= Bioherbicide =

Biological weed control agent

Bioherbicides are herbicides consisting of phytotoxins, pathogens, and other microbes used as biological weed control. Bioherbicides may be compounds and secondary metabolites derived from microbes such as fungi, bacteria or protozoa; or phytotoxic plant residues, extracts or single compounds derived from other plant species.

== Production ==
The production of bioherbicides is a process of biosynthesis where different mediums ranging from soybean bran to corn steep liquor are fermented to obtain desirable results. In addition to solid-state fermentation, bioherbicides can also be produced by submerged fermentation in stirred tanks or in other environments. Despite the ‘eco-friendliness’, there are several obstructions that make it less practical to use bioherbicides in fields because the lab results may not be the same as the real results.

== Current status ==
With increasing awareness of the effects of the chemical herbicides and pesticides, bioherbicides can be adopted as an alternative especially for integrated weed management. The market share of bioherbicides is merely 10% of all biopesticides. On the other hand, the research spanning over two decades since 1980s has also falsified the principle that there is a coevolved natural enemy of a host weed which can manage weed through varied formulation and thus advocated for more research to culturally and genetically intensify the bioherbicidal organisms. Efficiency and efficacy of bioherbicides is impeded by changing weather and temperature and this can further obstruct the application and integration of bioherbicides. A study shows that covering with jute turf, which retains moistures and allows one third of the sunlight to pass through, can increase the efficiency of bioherbicides and also remove some of the hindrances from the commercialization and marketing of bioherbicides.
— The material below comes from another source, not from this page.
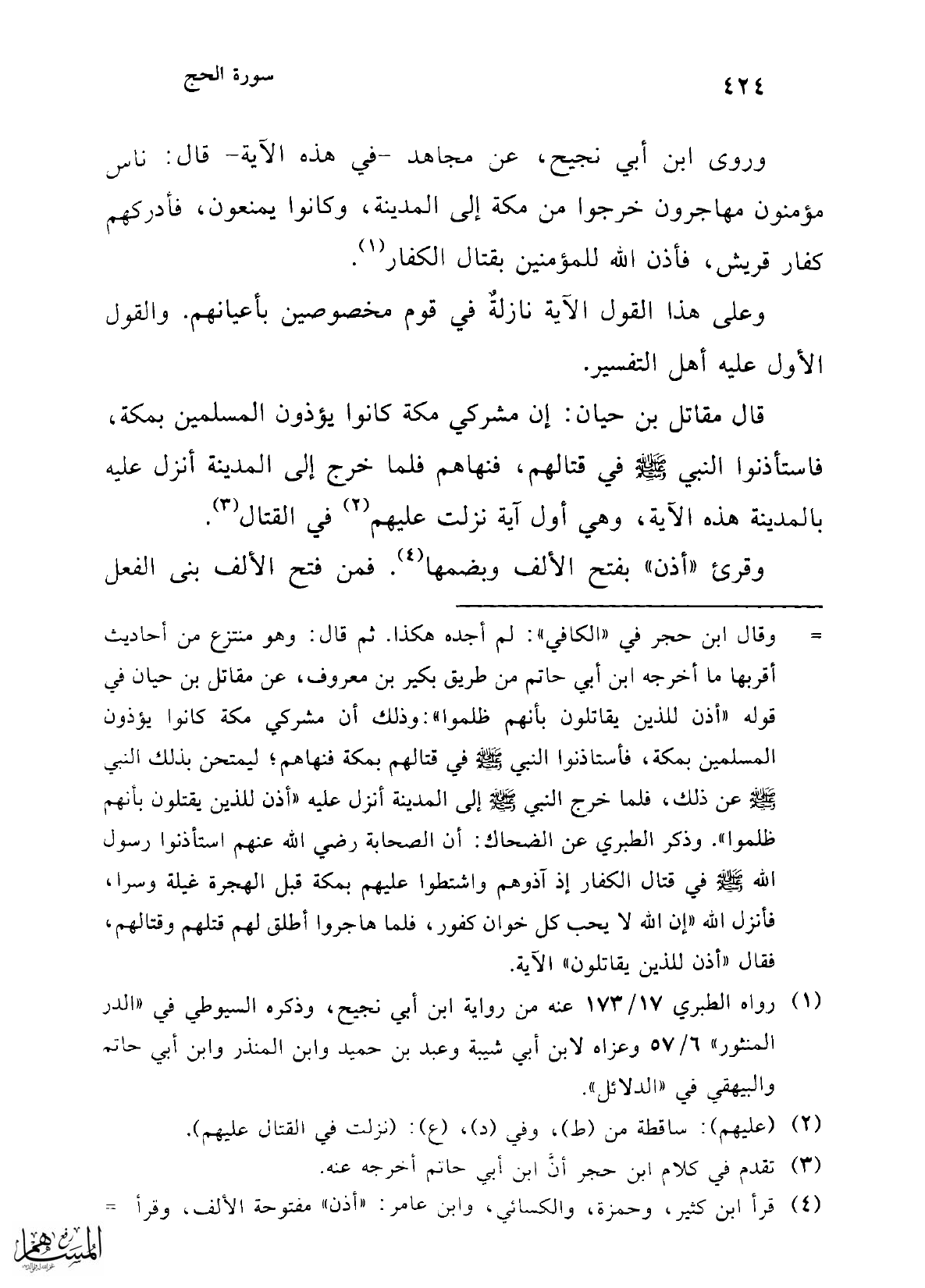 = وقال ابن حجر في "الكافي": لم أجده هكذا. ثم قال: وهو منتزع من أحاديث أقربها ما أخرجه ابن أبي حاتم من طريق بكير بن معروف، عن مقاتل بن حيان في قوله "أذن للذين يقاتلون بأنهم ظلموا": وذلك أن مشركي مكة كانوا يؤذون المسلمين بمكة، فأستاذنوا النبي -صلى الله عليه وسلم- في قتالهم بمكة فنهاهم؛ ليمتحن بذلك النبي -صلى الله عليه وسلم- عن ذلك، فلما خرج النبي -صلى الله عليه وسلم- إلى المدينة أنزل عليه "أذن للذين يقتلون بأنهم ظلموا". وذكر الطبري عن الضحاك: أن الصحابة رضي الله عنهم استأذنوا رسول الله -صلى الله عليه وسلم- في قتال الكفار إذ آذوهم واشتطوا عليهم بمكة قبل الهجرة غيلة وسرا، فأنزل الله "إن الله لا يحب كل خوان كفور، فلما هاجروا أطلق لهم قتلهم وقتالهم، فقال "أذن للذين يقاتلون" الآية.

While it is true that after their 'discovery' the bioherbicides are not readily available on the market for various reasons, advocates of bioherbicides argue that bioherbicide researchers should collaborate with other researchers and seek more public sector funding so that bioherbicides can become more marketable and attain more market share. Simultaneously, research from Canada indicates that legislative and policy dynamics have great power to accelerate the innovation and integration of bioherbicides other microbial pest-control products.

== Available bioherbicides ==
While 13 different products have been launched, as of 2016, only nine bioherbicides were being marketed:
1. Devine (1981)
2. Collego (1982)
3. BioMal (1992)
4. Woad Warrior (2002)
5. Chontrol (2005)
6. Smoulder (2005)
7. Sarritor (2007)
8. Organo-Sol (2010)
9. Beloukha (2015)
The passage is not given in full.